(Beginning of Data section)

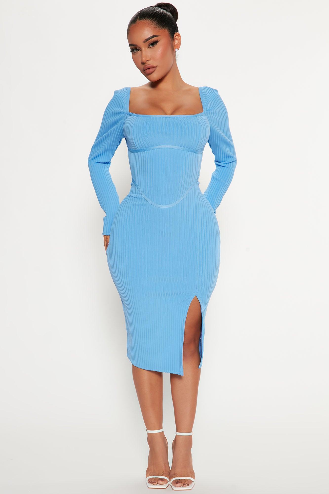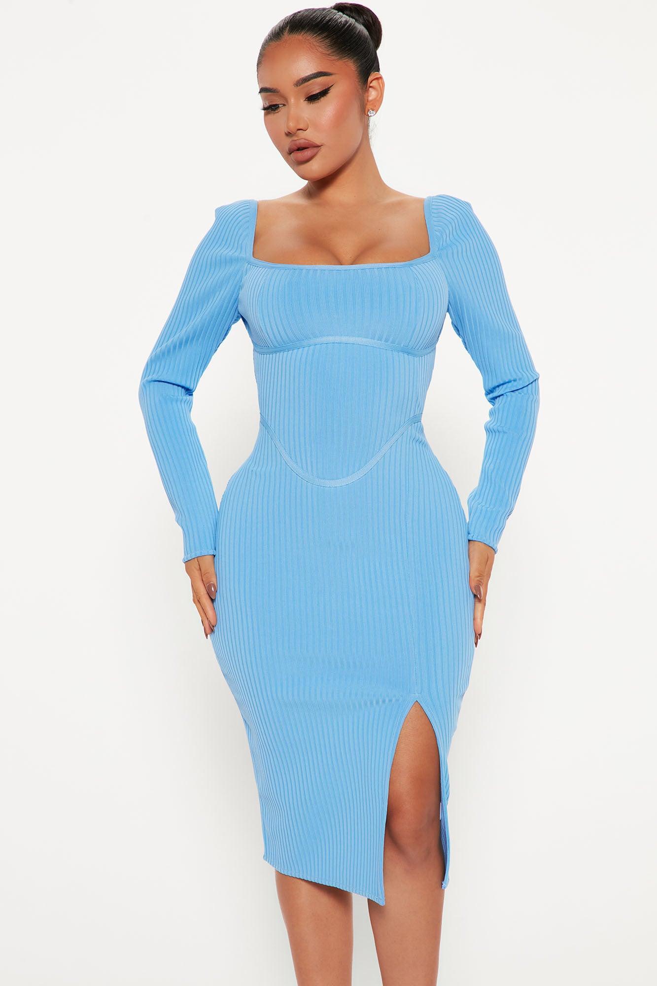 Available In Blue And Orange. Bandage Midi Dress Long Sleeve Square Neck Stitching Detail Slit Hidden Back Zipper Stretch 95% Polyester 5% Spandex Imported
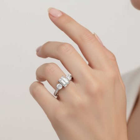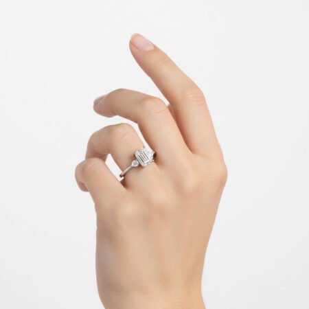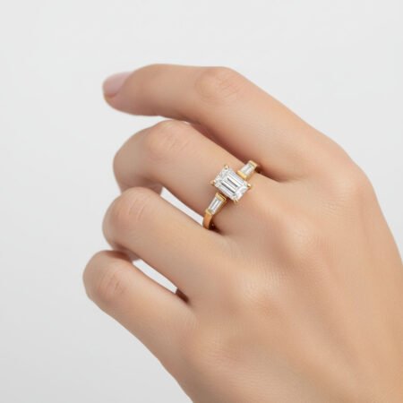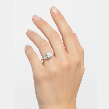 SKU: RE15971.53ct Emerald Cut Lab Grown Diamond Ring, IGI Certified, Baguette Side Stones, 1.78ctw Three Stone Setting
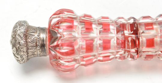 A 19th Century Victorian silver and flash glass double ended scent bottle having a faceted ruby glass body with silver repousse decorated lids to either end. Measures 14cm wide.
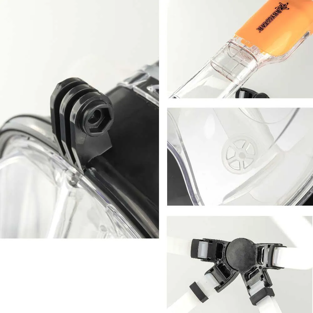 Comprend des valves internes antibuée, un conduit d´évacuation du CO2, un embout buccal étanche, un support pour caméra d´action et des sangles réglables en silicone avec fermeture à clip.
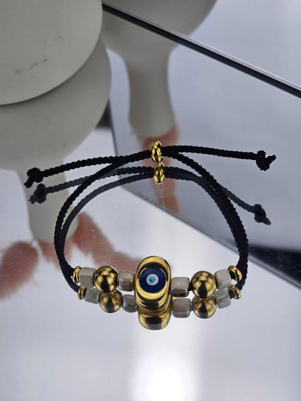 Γυναικείο βραχιόλι από κορδόνι,με επιχρυσωμένο μοτίφ μάτι, κεραμικές πέτρες και ατσάλινα στοιχεία.
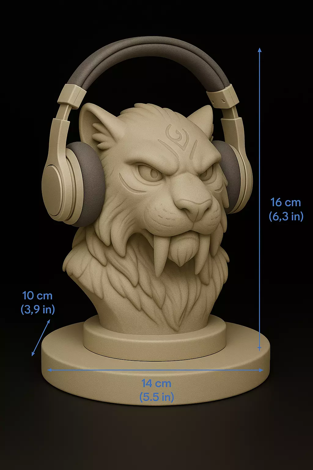 Introducing Fierce Majesty, a commanding 3D headphone holder bust modeled after a majestic saber-toothed tiger. This design is the ultimate fusion of power, artistry, and utility—perfect for those who want their workspace or gaming station to reflect boldness and elegance.
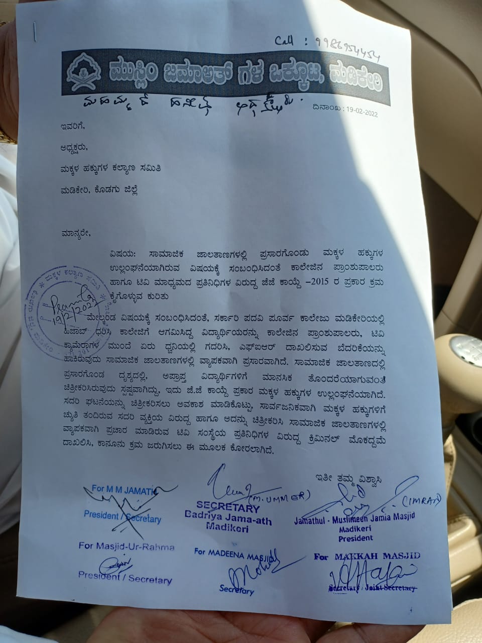 ಮಡಿಕೇರಿಯ ಸರಕಾರಿ ಪದವಿ ಪೂರ್ವ ಕಾಲೇಜಿನಲ್ಲಿ ಹಿಜಾಬ್ ಧರಿಸಿ ಕಾಲೇಜಿಗೆ ಆಗಮಿಸಿದ್ದ ವಿದ್ಯಾರ್ಥಿನಿಯರನ್ನು ಕಾಲೇಜಿನ ಪ್ರಾಂಶುಪಾಲರು ಟಿವಿ ಕ್ಯಾಮರಾಗಳ ಎದುರೇ ಏರು ಧ್ವನಿಯಲ್ಲಿ ಗದರಿಸಿ ಎಫ್ ಐಆರ್ ದಾಖಲಿಸುವ ಬೆದರಿಕೆ ಹಾಕಿರುವುದು ಸಾಮಾಜಿಕ ಜಾಲತಾಣಗಳಲ್ಲಿ ವ್ಯಾಪಕವಾಗಿ ಪ್ರಸಾರವಾಗಿದೆ. ಸಾಮಾಜಿಕ ಜಾಲತಾಣಗಳಲ್ಲಿ ವೈರಲ್ ಆದ ವೀಡಿಯೊದಲ್ಲಿ ಅಪ್ರಾಪ್ತ ವಯಸ್ಸಿನ ವಿದ್ಯಾರ್ಥಿನಿಯರಿಗೆ ಮಾನಸಿಕ ತೊಂದರೆಯಾಗುವಂತೆ ಚಿತ್ರೀಕರಿಸಿರುವುದು ಸ್ಪಷ್ಟವಾಗಿದ್ದು, ಇದು ಜೆಜೆ ಕಾಯ್ದೆ ಪ್ರಕಾರ ಮಕ್ಕಳ ಹಕ್ಕುಗಳ ಉಲ್ಲಂಘನೆಯಾಗಿದೆ. ಆದ್ದರಿಂದ ಈ ಘಟನೆಯನ್ನು ಚಿತ್ರೀಕರಿಸಲು ಅವಕಾಶ ಮಾಡಿಕೊಟ್ಟು, ಸಾರ್ವಜನಿಕವಾಗಿ ಮಕ್ಕಳ ಹಕ್ಕುಗಳಿಗೆ ಚ್ಯುತಿ ತಂದಿರುವ ಕಾಲೇಜಿನ ಪ್ರಾಂಶುಪಾಲರ ವಿರುದ್ಧ ಹಾಗೂ ಅದನ್ನು ಚಿತ್ರೀಕರಿಸಿ ಸಾಮಾಜಿಕ ಜಾಲತಾಣಗಳಲ್ಲಿ ವ್ಯಾಪಕವಾಗಿ ಪ್ರಚಾರ ಮಾಡಿರುವ ಟಿವಿ ಸಂಸ್ಥೆಯ ಪ್ರತಿನಿಧಿಗಳ ವಿರುದ್ಧ ಕ್ರಿಮಿನಲ್ ಮೊಕದ್ದಮೆ ದಾಖಲಿಸಿ, ಕಾನೂನು ಕ್ರಮ ಜರುಗಿಸುವಂತೆ ದೂರಿನಲ್ಲಿ ಒತ್ತಾಯಿಸಲಾಗಿದೆ.
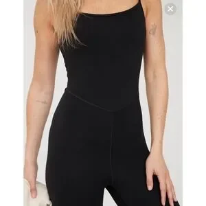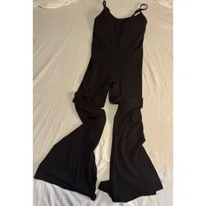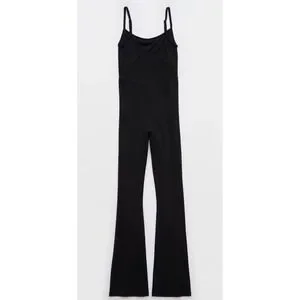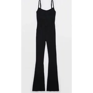 Keywords: Aerie jumpsuit, Offline by Aerie, Black jumpsuit, Sleeveless jumpsuit, Flared leg jumpsuit, Women's jumpsuit, Medium jumpsuit, Athleisure, Casual jumpsuit, Spaghetti strap jumpsuit, One piece, Relaxed, Loungewear
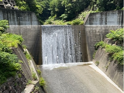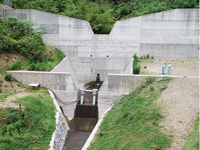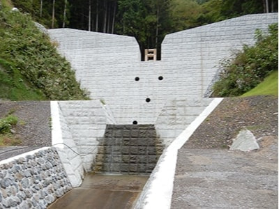周辺環境に配慮するため堤体を石積み模様でデザインした、おしゃれな砂防堰堤が完成しました。
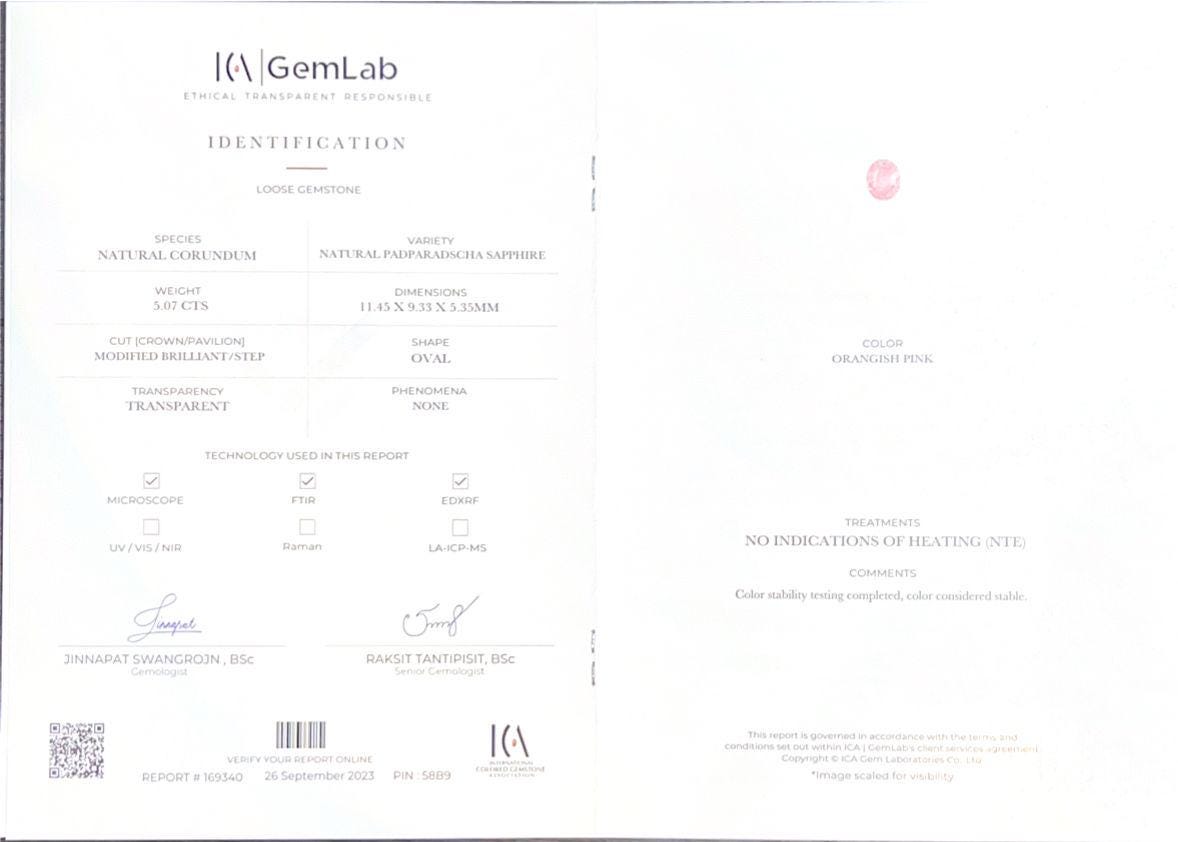 Discover the rare beauty of this 5.07-carat Padparadscha Sapphire, an unheated, ethically sourced gemstone from Ceylon, renowned for its exquisite orangish pink hue. Expertly crafted with an oval cut and VS clarity, this sapphire measures 11.41x9.36x5.34 mm, showcasing vibrant brilliance and natural elegance. Ideal for custom jewelry designs, such as unique engagement rings or investment-grade pieces paired with white or rose gold, this untreated gem radiates timeless sophistication. A perfect addition for jewelry lovers and collectors seeking high-quality, rare Padparadscha sapphires from Ceylon’s prestigious mines.
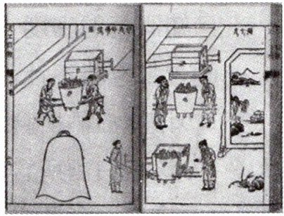 7. 我国古代科技著作《天工开物》里记载了铸造“万钧钟”和“鼎”的方法,先后用泥土制作“模骨”,“干燥之后以牛油、黄蜡附其上数寸”,在油蜡上刻上各种图案(如图所示),然后在油蜡的外面用泥土制成外壳。干燥之后,“外施火力炙化其中油蜡”,油蜡流出形成空腔,在空腔中倒入铜液,待铜液冷却后,“钟鼎成矣”。下列说法正确的是 (

(End of Data section)

In the listing above, find the line with "Comprend des valves" and the line with "Introducing Fierce Majesty, a". Copy both of them and every line between, exactly, but not the pictures.

 Comprend des valves internes antibuée, un conduit d´évacuation du CO2, un embout buccal étanche, un support pour caméra d´action et des sangles réglables en silicone avec fermeture à clip.
 Γυναικείο βραχιόλι από κορδόνι,με επιχρυσωμένο μοτίφ μάτι, κεραμικές πέτρες και ατσάλινα στοιχεία.
 Introducing Fierce Majesty, a commanding 3D headphone holder bust modeled after a majestic saber-toothed tiger. This design is the ultimate fusion of power, artistry, and utility—perfect for those who want their workspace or gaming station to reflect boldness and elegance.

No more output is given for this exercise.